Artwork
Untitled

Untitled is an ink print by Joe Tilson. It dates from 1963 and is held in the collection of the Museum of Modern Art.
About this work
Overview
Created in 1963, this screenprint by Joe Tilson is part of The Museum of Modern Art’s collection. It combines graphic elements with photographic fragments, blending abstraction and documentary imagery. The composition is divided into distinct zones: vibrant color fields, a prominent numeral, and small found images, all arranged without clear narrative hierarchy.
Subject & Meaning
Rising red and yellow forms evoke fire or explosion, while a red circle bearing a handprint and star introduces symbols of identity or resistance.

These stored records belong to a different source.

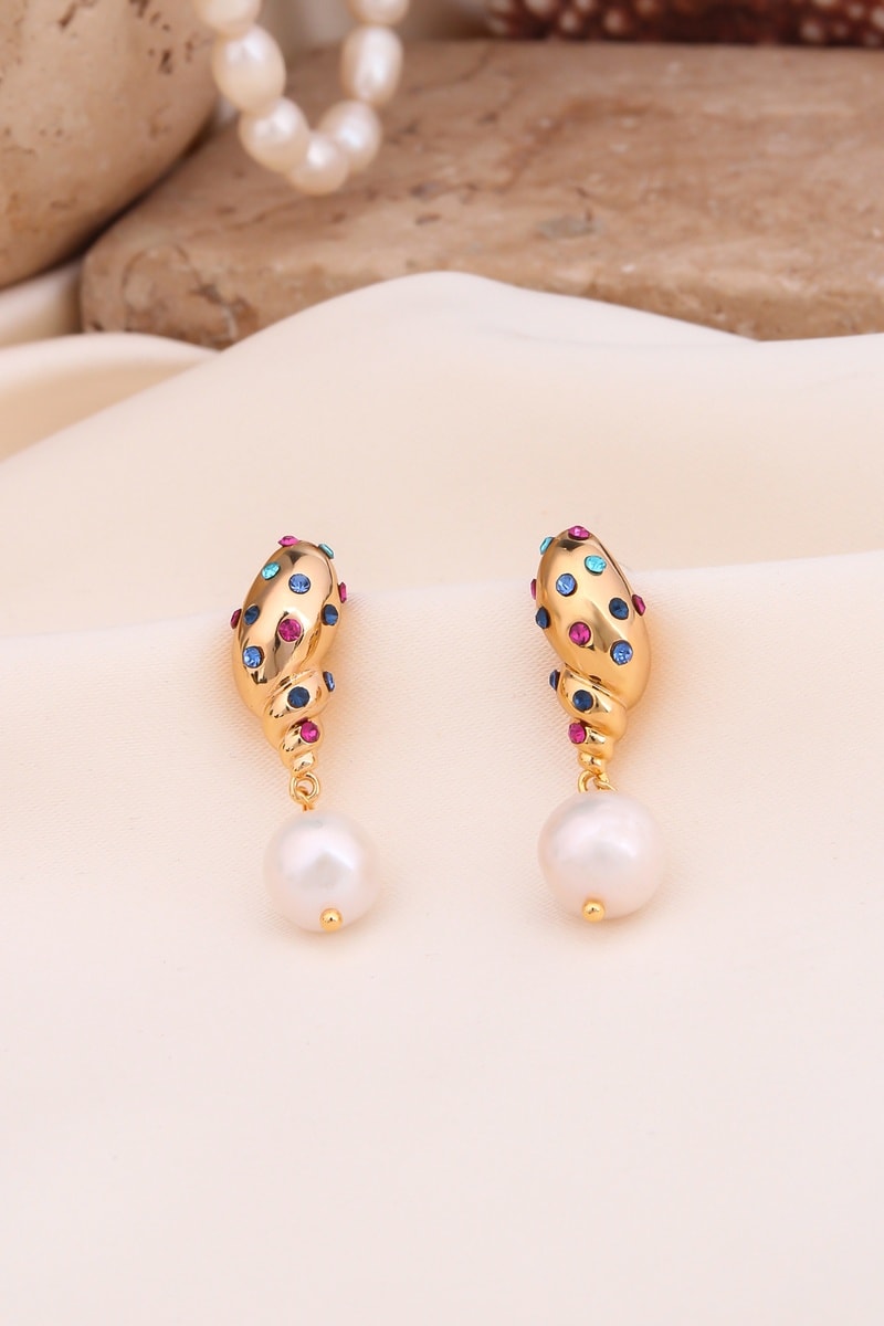 Orecchini con zirconi e una perla di imitazione.
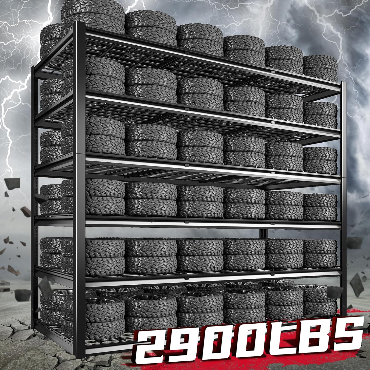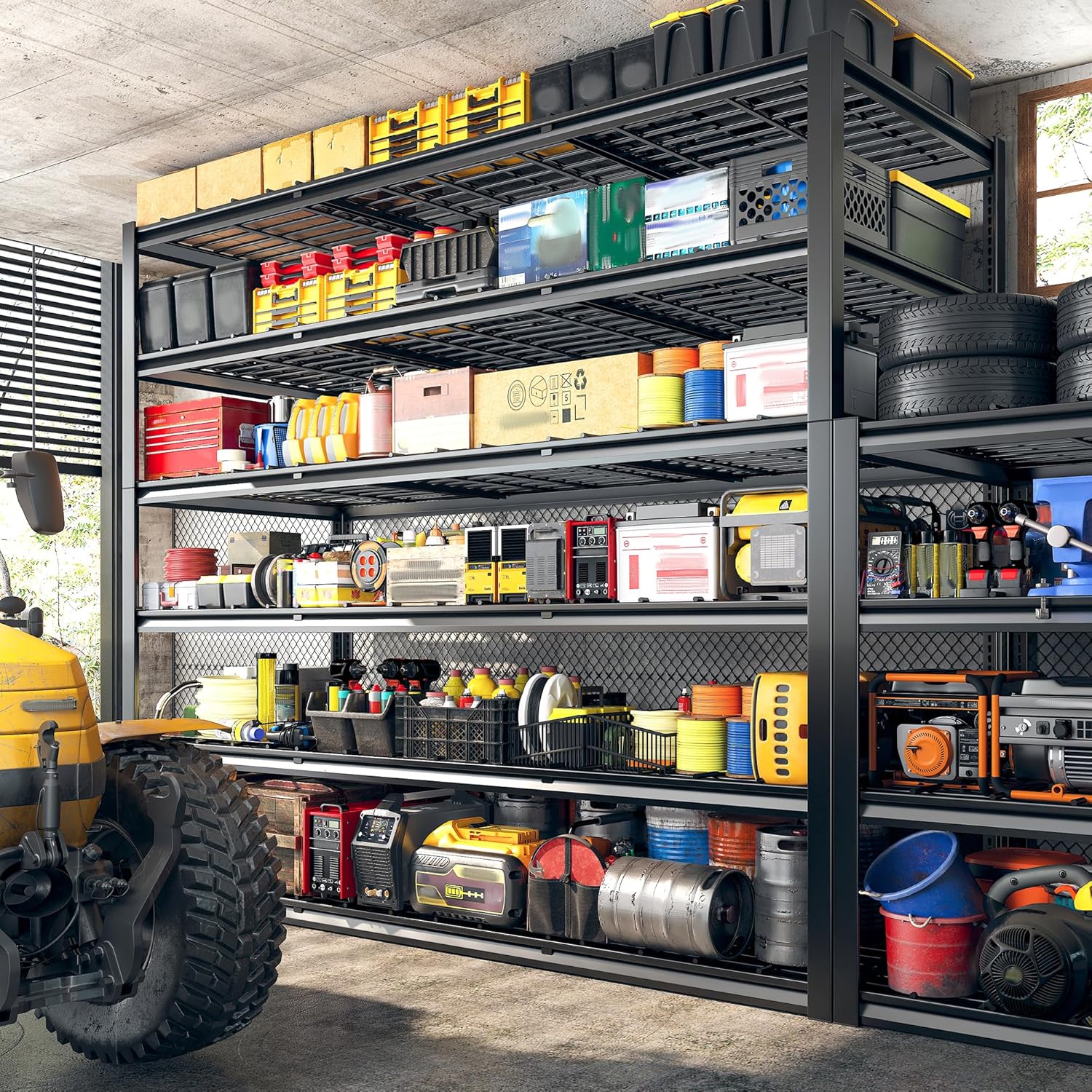 - 【2900LBS Heavy Duty Shelving】The combination of thickened metal mesh of wire shelving and double-layer metal shelves of columns gives the all metal shelves for storage an ultra-high load-bearing capacity of 2900LBS, please rest assured to store heavy items on the garage storage shelves such as toolboxes, vehicle parts, files, dumbbells, office supplies, etc
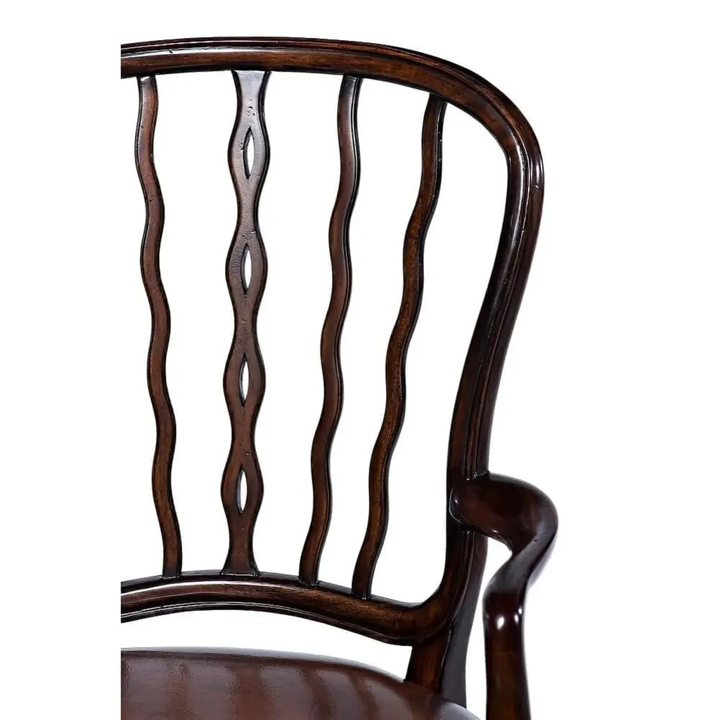 A mahogany dining armchair, the shaped waisted back with serpentine uprights above an upholstered seat, on elegant molded cabriole legs terminating in spade feet. The original very large set designed by George Seddon, circa 1800.Dimensions: 26" W x 25" D x 38" HSeat height 20"Arm height 25".These chairs ship two at a time. Kindly select multiples of two.
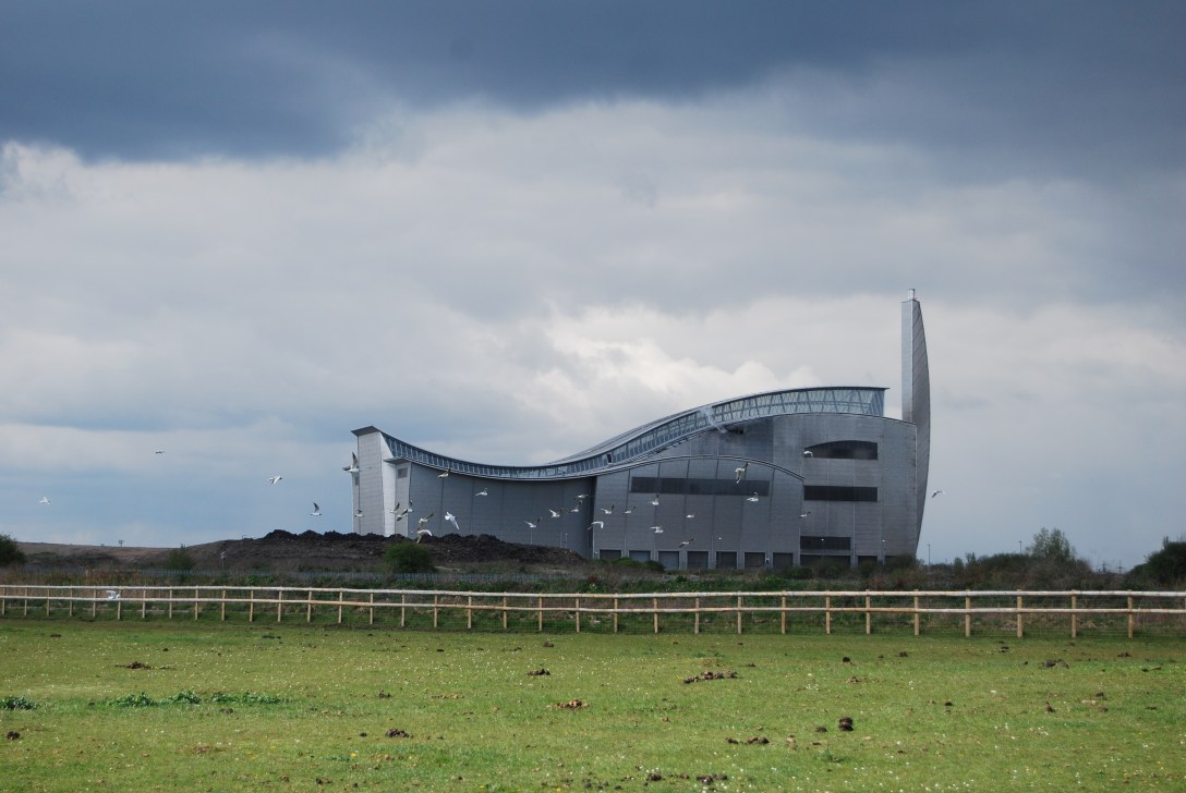 It’s late afternoon and the sun begins its descent toward Dartford. In the east the bridge is reflected in the shimmering Thames. Rainham Marshes is behind us, beyond the large concrete seawall and iron fencing, protecting the reserve from dogs, people and vehicles, protecting skylarks and lapwings, birds that breed on the ground. Gulls pass over from the marshes and across the Thames to the south. A deceit of lapwings exits, too, their flappy black wings belie their compact shape when grounded. They return to Rainham a few minutes later. Evidently this is not an exodus. Teal are swimming on the Thames, their colours draining as the sun retires behind them. We inspect the shoreline, its thin marshland and garbage. The ducks want to feed here, but what’s to be eaten? The tide bubbles audibly against concrete, an armchair rests at a tilt in the marsh, half against the slanting ground and half in the slurry. The chair is stained where it’s become soaked by liquids other than water over the years. If you were to sit in it, you’d fall backwards, skull first. The dry land is tropical with all kinds of plastic: caps freed from their bottles, thin tubes like the insides of biros, thousands of bits of broken plastic, and a syringe. There are pieces of driftwood lying around, one chunk has been bleached by sun, sea and salt. It breaks under the slightest pressure, the yellow shape of woodworm hibernating in a crevice created inside. I wonder how far this piece has travelled.
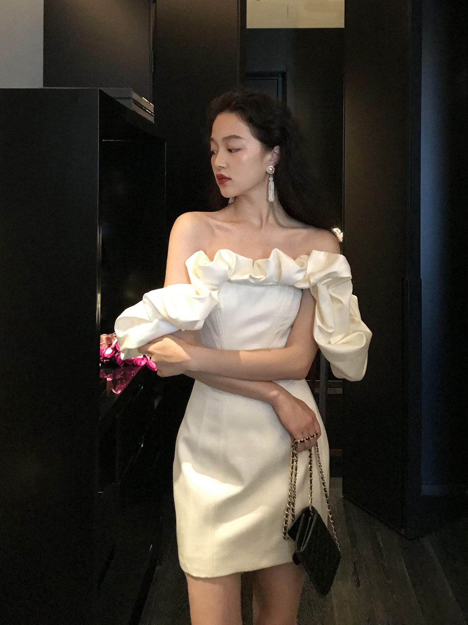 viss gold word shoulder white French retro dress 2020 new summer waist thin temperament dress skirt

The work suggests themes of urgency and fragmentation. Rising red and yellow forms evoke fire or explosion, while a red circle bearing a handprint and star introduces symbols of identity or resistance. The blue numeral '5' remains ambiguous—possibly a reference to a date, rank, or code. The embedded photographs of aircraft, soldiers, and cars imply modernity’s tensions, though no single message is stated.
Technique & Style
Tilson employed screenprinting to layer bold, flat colors with photomechanical reproductions. The contrast between the graphic simplicity of the flames and numeral and the grainy, scaled-down photographs creates visual dissonance. Black-and-white imagery is juxtaposed against saturated reds, yellows, and blues, reinforcing a sense of layered reality rather than unified composition.
History & Provenance
The print was produced in 1963 during a period when Tilson was exploring the intersection of popular culture and political imagery. It entered The Museum of Modern Art’s collection shortly after its creation, reflecting institutional interest in postwar British printmaking. No earlier ownership records are publicly documented beyond its exhibition history in the 1960s.
Context
Emerging from the British Pop Art movement, Tilson’s work engaged with mass media and wartime iconography without direct commentary. This piece aligns with contemporaneous experiments by artists using collage and photomontage to question visual authority. The inclusion of news-derived images reflects a broader cultural preoccupation with media saturation and the erosion of clear meaning.
Legacy
Untitled exemplifies Tilson’s early engagement with symbolic abstraction and found imagery, influencing later British artists who merged political undertones with formal experimentation. While not widely reproduced, the work remains a key example of 1960s printmaking that resisted singular interpretation, favoring layered ambiguity over didacticism.
Artist & collection
Artist
Joseph Charles Tilson was a British visual artist and fellow of the Royal Academy. He was involved in the Pop Art movement in the 1960s; he made paintings, prints and constructions.